Jackson Lewis has invested significant resources to be a leader in helping organizations navigate through  e-discovery and law-related workplace technology issues.   Our national workplace law firm has established an E-discovery and Workplace Technology practice group dedicated to assisting employers in establishing practical electronic information retention policies, in implementing effective litigation hold procedures and in handling complex and/or emergent e-discovery matters.  The Firm's E-discovery and Workplace Technology practice group also provides ongoing internal training through the Jackson Lewis E-Discovery U™ program so that our attorneys and other professional staff are fully prepared to handle e-discovery and digital evidence. 

We know that most of the cost of litigation is incurred during the discovery process. We have invested in the latest litigation support technology to handle litigation and other workplace law matters in the most efficient way possible.  We have an enterprise license for Summation®, the industry leading litigation support programs and numerous licenses of CaseMap® and Trial Director®.  Our systems are capable of handling routine employment matters as well as more complex matters involving millions of documents.

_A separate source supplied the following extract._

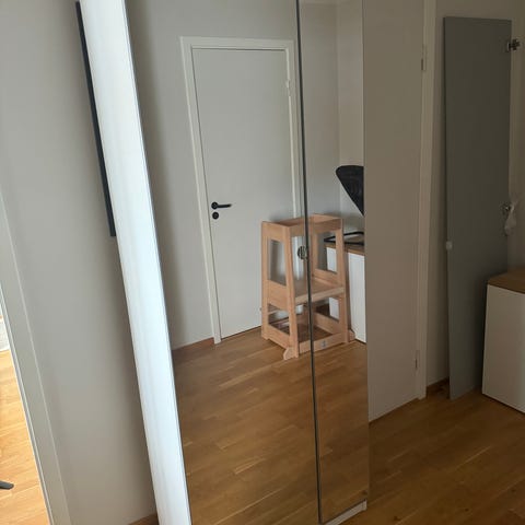 Säljer komplett PAX garderob som knappt använts. Ena dörren är i spegelglas. Två meshbackar, hyllplan och klädstång.

We are also highly experienced in using technology in the courtroom and have tried cases requiring electronic exhibits, bar coded exhibits, wireless secured networks in the courtroom, synchronized video depositions, and other ways of presenting evidence through the latest technology.


1 According to the Socha-Gelbmann 2005 Electronic Discovery Survey, the cost of e-discovery in 2005 was projected at $1.28 billion, a 55 percent increase over 2004.

2  Cohasset Associates, Inc., April 2005.